Le gouvernement de Donald Trump a annoncé jeudi une aide humanitaire de 150 millions de dollars pour le Venezuela après les deux séismes de magnitude 7,2 et 7,5 qui ont secoué mercredi après-midi le nord et le centre du pays, à seulement 39 secondes d'intervalle. La réponse comprenait l'envoi immédiat d'équipes spécialisées de recherche et de sauvetage, coordonnées par le Département d'État en étroite collaboration avec le Département de la Guerre – nom secondaire adopté par le ministère de la Défense depuis septembre 2025 par décret de Trump – et le Commandement Sud des forces armées américaines.
Le secrétaire d'État Marco Rubio a exprimé ses condoléances au peuple vénézuélien et a confirmé que, sous la direction du président Trump, le Département d'État a immédiatement déployé des équipes de recherche et de sauvetage, des ressources médicales et une aide humanitaire. Rubio a souligné que des contingents du comté de Fairfax, en Virginie, et du comté de Los Angeles, en Californie, étaient déjà opérationnels et a annoncé que d'autres pourraient les rejoindre dans les heures à venir. Selon lui, la priorité immédiate était de localiser les survivants coincés sous les décombres pendant la fenêtre critique des 48 à 72 premières heures.
Sur le total engagé, 50 millions de dollars seront distribués sous forme d'allocations bilatérales directes aux organisations humanitaires opérant au Venezuela, notamment World Vision, Samaritan's Purse, Catholic Relief Services, International Medical Corps, l'Organisation internationale pour les migrations et le Programme alimentaire mondial. Les 100 millions restants seront acheminés via le fonds commun du Bureau des Nations Unies pour la coordination des affaires humanitaires pour le Venezuela. Le communiqué du Département d'État précise que l'assistance logistique comprendra l'utilisation d'avions militaires à voilure fixe et tournante pour transporter le personnel et les fournitures vers les zones touchées.
Au moins 188 personnes sont mortes, 1.520 autres ont été blessées et 157 sont toujours portées disparues à cause des tremblements de terre, les plus destructeurs enregistrés au Venezuela depuis plus d'un siècle, selon le dernier bilan présenté par la présidente par intérim Delcy Rodríguez aux premières heures de jeudi.
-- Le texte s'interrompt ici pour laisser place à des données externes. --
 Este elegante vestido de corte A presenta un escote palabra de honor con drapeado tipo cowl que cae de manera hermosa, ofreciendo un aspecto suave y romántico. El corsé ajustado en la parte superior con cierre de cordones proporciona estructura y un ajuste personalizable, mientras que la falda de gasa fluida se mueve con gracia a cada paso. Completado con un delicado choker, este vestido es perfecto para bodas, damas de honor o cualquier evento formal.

La Guaira, une bande côtière au nord de Caracas, a été identifiée comme l'une des zones les plus durement touchées, avec de nombreux bâtiments effondrés et des opérations de secours actives. L'Institut géologique des États-Unis a prévenu qu'il y a une probabilité d'environ 33 % que le nombre final de décès se situe entre 1 000 et 10 000, compte tenu de l'intensité des mouvements, de la densité de la population et de la vulnérabilité du parc immobilier.
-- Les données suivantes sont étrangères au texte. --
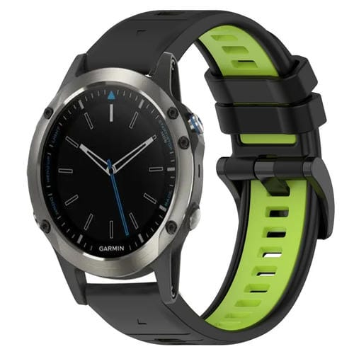 Correa de Silicona 22mm para Garmin Quatix 5 Sports Dos Colores (Negro + Verde Lima)

La présidente vénézuélienne a remercié le gouvernement Trump pour sa collaboration, avec qui elle a assuré maintenir un contact direct pendant les heures qui ont suivi la catastrophe. Rodríguez a également répondu à Rubio, qui l'a contactée pour coordonner l'assistance. La réponse de Washington intervient dans un contexte de rapprochement diplomatique entre les deux pays : la coopération humanitaire intervient des mois après l'arrestation de Nicolas Maduro et le processus de normalisation des relations entre Washington et Caracas.
L'opération américaine active une équipe de réponse aux catastrophes, structurée avec des experts du Département d'État, des unités du Commandement Sud et du personnel de l'ambassade à Caracas. Rubio a souligné que d'autres pays ont également commencé à mobiliser de l'aide, avec des offres du Qatar, d'El Salvador, du Chili et de plusieurs pays de la région qui ont entamé des contacts pour coordonner leurs efforts. La présidente du Mexique, Claudia Sheinbaum, a annoncé l'envoi d'une équipe de sauveteurs et de personnel de santé du Secrétariat de la Défense nationale.
Les deux tremblements de terre de mercredi sont parmi les plus intenses que le Venezuela ait subis depuis plus de cent ans. Les effets ont été ressentis dans des endroits aussi éloignés que l'Amazonie brésilienne, à environ 1 700 kilomètres de Caracas, où les bâtiments ont été évacués à titre préventif. Des images de la télévision d'État ont montré trois enfants, couverts de poussière mais vivants, sauvés des décombres dans l'État de La Guaira. L’ampleur de la catastrophe met à l’épreuve la capacité de réponse d’un État vénézuélien qui traverse des années de dégradation institutionnelle et fait de la coopération internationale le principal soutien des opérations d’urgence en cours.